Work to complete:
Every record below should be printed exactly, except for the pictures.

Extracted entries:
....

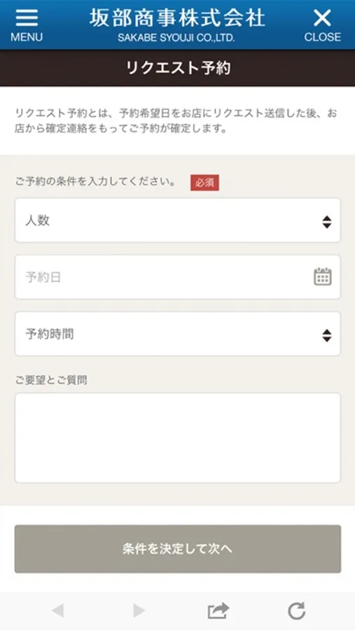 希望の人数・日時を指定して送信するだけで予約を依頼できます。
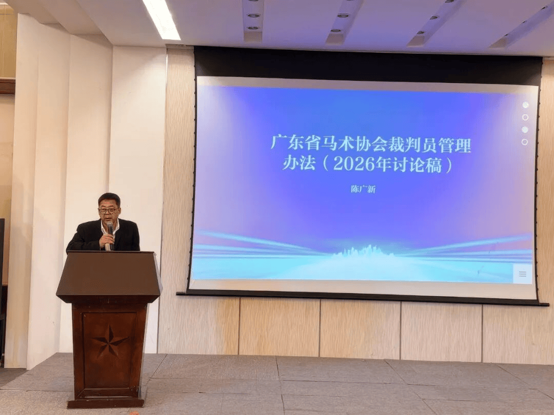 会议伊始,广东省马术协会常务副会长陈广新回顾了2025年广东省马术竞赛与裁判工作成果。他表示,经过8年的工作和赛事实践,广东省马术协会竞赛工作卓有成效地促进了广东马术事业朝气蓬勃,井喷式发展。广东省马术俱乐部从最初的全省10余家发展到现今的50多家,95%成为省马协的副会长单位,70余座马术场,马术人口达到20余万,热爱赛马运动的人数在不断增加,强有力地推动了马术运动的普及与发展,使广东省马术事业的发展始终走在全国的前列。
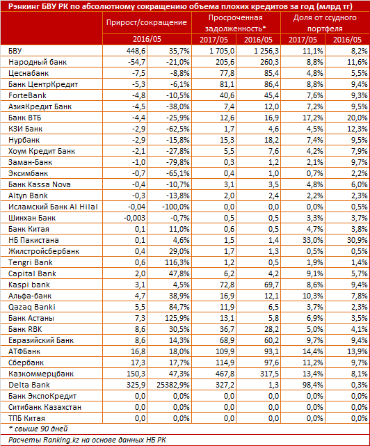 Наиболее значительно улучшить качество своих кредитов удалось Народному банку - объем просроченной задолженности свыше 90 дней уменьшился на 54,7 млрд тенге, или на 21% по сравнению с уровнем на конец мая прошлого года. Доля плохих кредитов занимает всего 8,8% в кредитном портфеле банка (11,6% год назад).
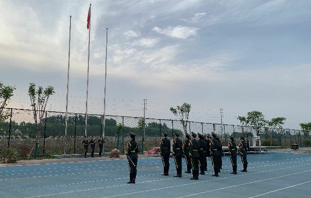 晨光熠熠,伴隨著國(guó)旗隊(duì)鏗鏘的步伐和洪亮的口號(hào),在雄壯莊嚴(yán)的國(guó)歌聲中,五星紅旗在學(xué)院操場(chǎng)冉冉升起。全體師生行注目禮,共唱國(guó)歌。
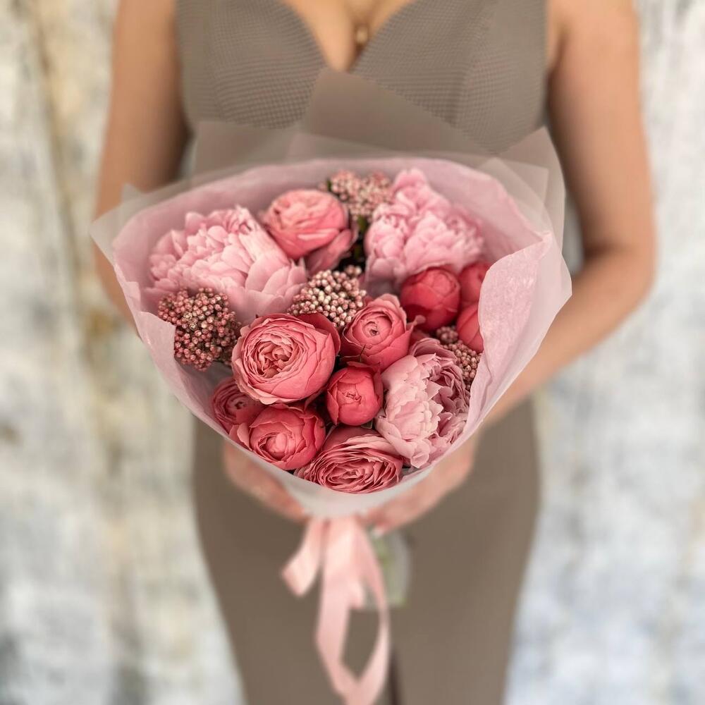 Букет из пионов и роз
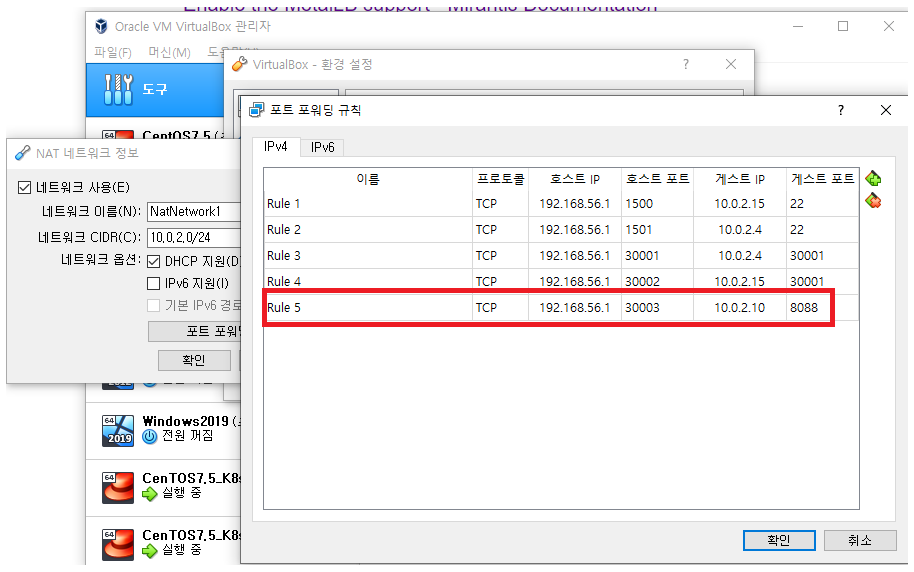 을 192.168.56.1 : 30003으로 포트포워딩 설정
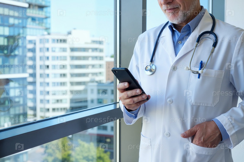 Кавказский старший врач-мужчина использует смартфон, стоя возле окна
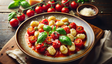 Descrierea Retetei Gnocchi cu sos de roșii cherry și busuioc reprezintă o rețetă clasică italiană, reconfortantă și aromată, perfectă pentru un prânz sau o cină îmbelșugată. Combinația de gnocchi pufosi cu roșii cherry zemoase și busuioc proaspăt oferă o explozie de gusturi, transformând acest fel de mâncare într-o opțiune adorată de toate vârstele....
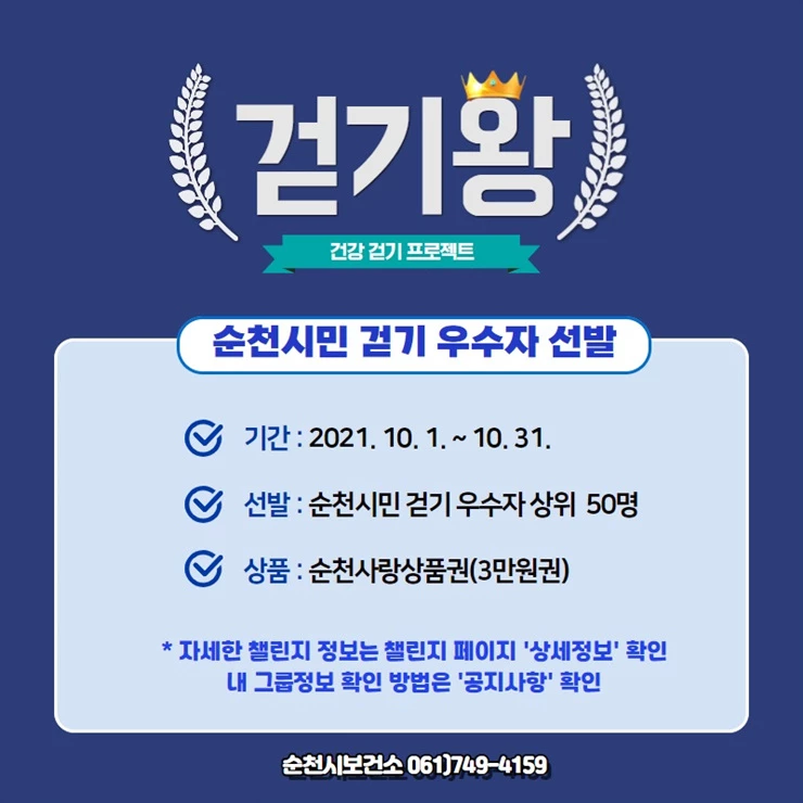 10월 1일부터 31일까지 한달간 운영되는 순천시민 걷기왕 챌린지는 한달동안 최대 누적 걸음수를 달성한 상위 50명을 선발해 순천사랑상품권(3만원)을 증정한다. 부정한 방법을 사용하는 참여자는 참여 제한 및 탈퇴 처리가 되며, 이들을 색출하기 위해 상시 모니터링을 실시할 계획이다.

....

Response:
 希望の人数・日時を指定して送信するだけで予約を依頼できます。
 会议伊始,广东省马术协会常务副会长陈广新回顾了2025年广东省马术竞赛与裁判工作成果。他表示,经过8年的工作和赛事实践,广东省马术协会竞赛工作卓有成效地促进了广东马术事业朝气蓬勃,井喷式发展。广东省马术俱乐部从最初的全省10余家发展到现今的50多家,95%成为省马协的副会长单位,70余座马术场,马术人口达到20余万,热爱赛马运动的人数在不断增加,强有力地推动了马术运动的普及与发展,使广东省马术事业的发展始终走在全国的前列。
 Наиболее значительно улучшить качество своих кредитов удалось Народному банку - объем просроченной задолженности свыше 90 дней уменьшился на 54,7 млрд тенге, или на 21% по сравнению с уровнем на конец мая прошлого года. Доля плохих кредитов занимает всего 8,8% в кредитном портфеле банка (11,6% год назад).
 晨光熠熠,伴隨著國(guó)旗隊(duì)鏗鏘的步伐和洪亮的口號(hào),在雄壯莊嚴(yán)的國(guó)歌聲中,五星紅旗在學(xué)院操場(chǎng)冉冉升起。全體師生行注目禮,共唱國(guó)歌。
 Букет из пионов и роз
 을 192.168.56.1 : 30003으로 포트포워딩 설정
 Кавказский старший врач-мужчина использует смартфон, стоя возле окна
 Descrierea Retetei Gnocchi cu sos de roșii cherry și busuioc reprezintă o rețetă clasică italiană, reconfortantă și aromată, perfectă pentru un prânz sau o cină îmbelșugată. Combinația de gnocchi pufosi cu roșii cherry zemoase și busuioc proaspăt oferă o explozie de gusturi, transformând acest fel de mâncare într-o opțiune adorată de toate vârstele....
 10월 1일부터 31일까지 한달간 운영되는 순천시민 걷기왕 챌린지는 한달동안 최대 누적 걸음수를 달성한 상위 50명을 선발해 순천사랑상품권(3만원)을 증정한다. 부정한 방법을 사용하는 참여자는 참여 제한 및 탈퇴 처리가 되며, 이들을 색출하기 위해 상시 모니터링을 실시할 계획이다.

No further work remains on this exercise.